Fasting is a form of body cleansing treatment in which food and water are limited. The logic of fasting emphasizes control over your habits. Hunger, more than anything else, is a motivated state of mind. Because hunger functions outside of consciousness, it is difficult to manage. This could explain why obesity is such a difficult issue.

Take note that hunger is a process that is constantly present, always running in the background, and very rarely comes to the fore. It’s more of a feeling. When it gradually rises or falls, even when it is unconscious, it affects our decisions.

This article will guide you on how to lessen the effects of being hungry during intermittent fasting. Let’s dive into the several ways you can do to manage it:

Intermittent Fasting

Intermittent fasting is a type of eating habit that is rapidly gaining popularity and is quickly becoming a favorable way to lose weight. Intermittent fasting, as the name implies, is an eating regimen in which you fast for a specified period of time during the day.

This is usually between 16 and 20 consecutive hours. You eat in between the other 4-8 hours of the day. You can eat and drink low-calorie or no-calorie foods while fasting. The more time you spend fasting each day, the better your results will be.

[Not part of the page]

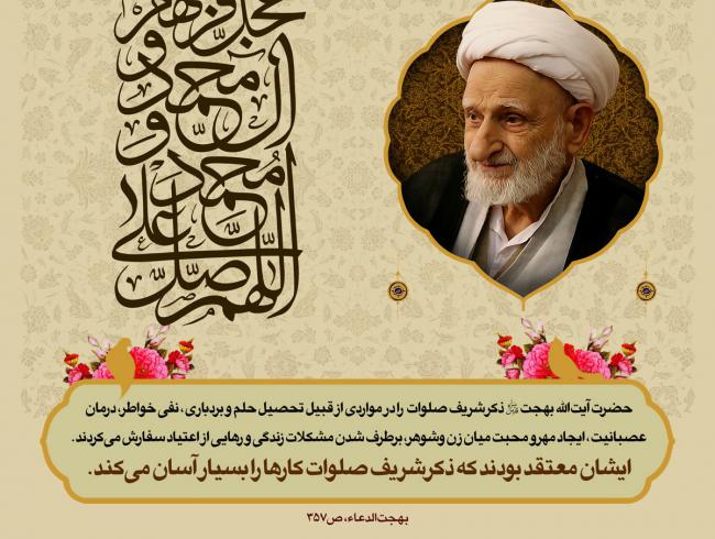 می‌فرمودند: «کسی بخواهد دوستی‌اش و محبتش زیادتر بشود، در اذکار و آداب و… چیزی آسان‌تر از صلواتِ زیاد نیست؛ [شخص] عاشقانه صلوات بفرستد می‌فهمد که چطور محبتش زیاد می‌شود؛ اما به‌شرط عقیده، که بفهمد این‌ می‌کشد او را به طرف معبود خودش و محبوب خودش. خدا می‌داند چه هست در این صلوات: «مَنْ صَلّی عَلَيَّ م...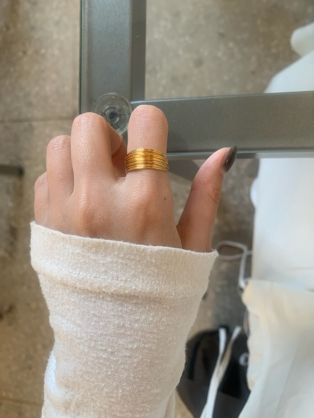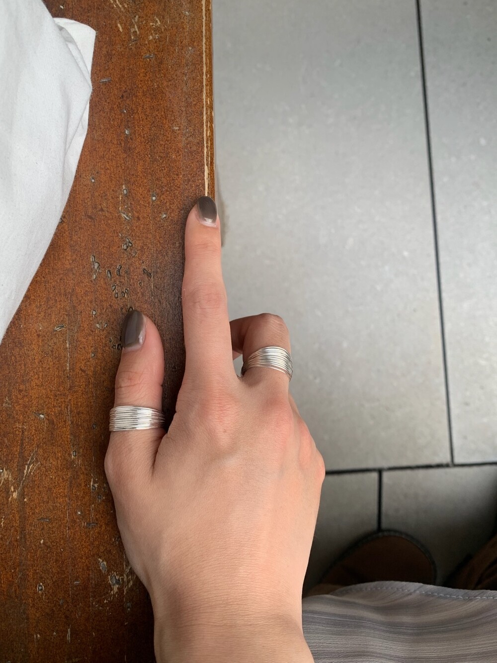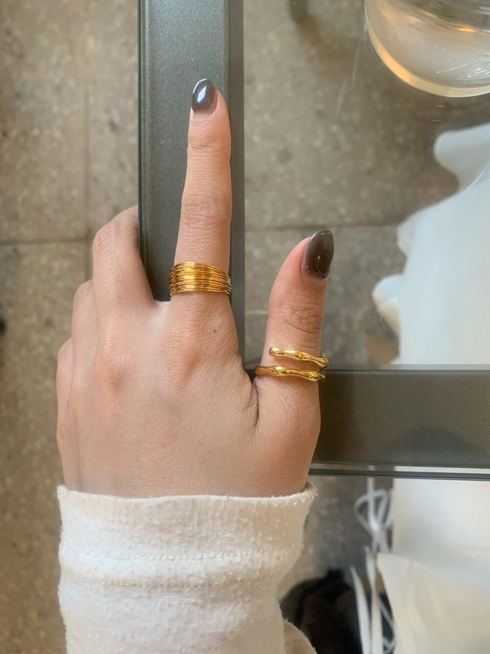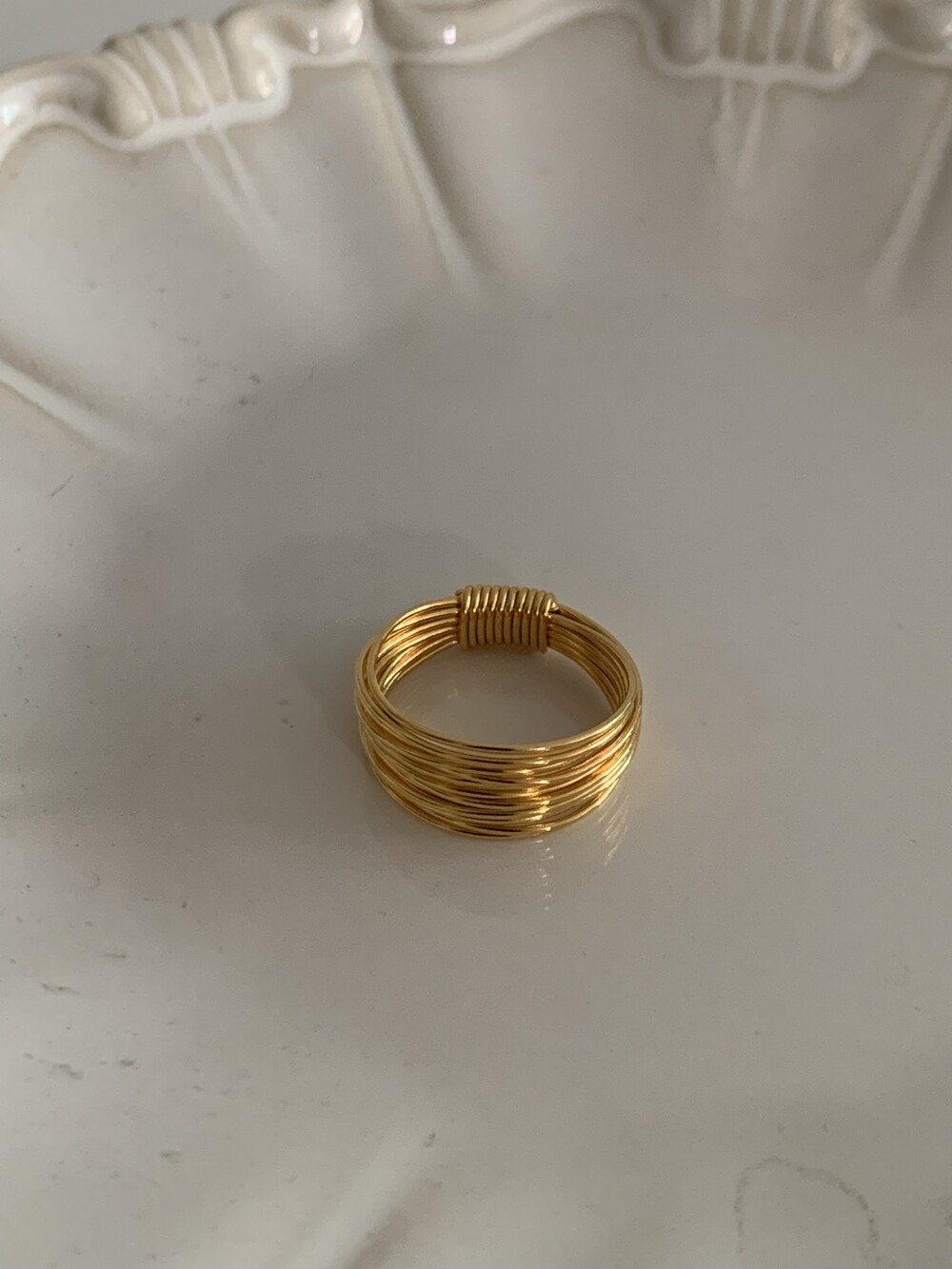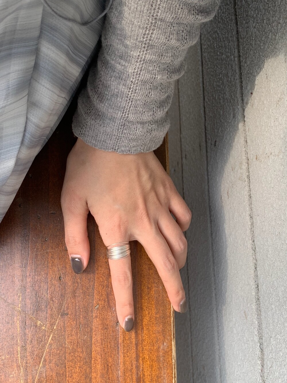 손끝을 감싸듯 겹겹이 감긴 실타래 텍스처가 인상적인 링.

Hungry During Intermittent Fasting

You’ve heard powerful testimonies and done extensive research on the benefits of intermittent fasting. You are certain that this is a fantastic approach to boost your general health and well-being. However, one roadblock stands in your way: hunger pangs.

Hunger is unavoidable during intermittent fasting, and you might expect it to be even greater during genuine fasting. This, however, is not always the case. People are unaware that hunger lasts approximately 20 minutes since they do not wait to find out.

Some people never experience true hunger because their appetite leads them to eat and be full all of the time. True hunger is caused by the bodily need to eat, which causes stomach grumbling and discomfort. It is natural to experience hunger during fasting and it’s normal to imagine your next meal while doing so– though both make it a lot more challenging. The good thing is that hunger is a conditioned stimulus-response that can be trained1.

Causes Of Hunger

Appetite is defined as the desire to eat that is fuelled by hunger hormones, senses, or emotions. When you are hungry, your appetite sends signals to your brain, but not all of these signals are beneficial to you. Even after you’ve eaten, the sight of great food may cause your body to crave it.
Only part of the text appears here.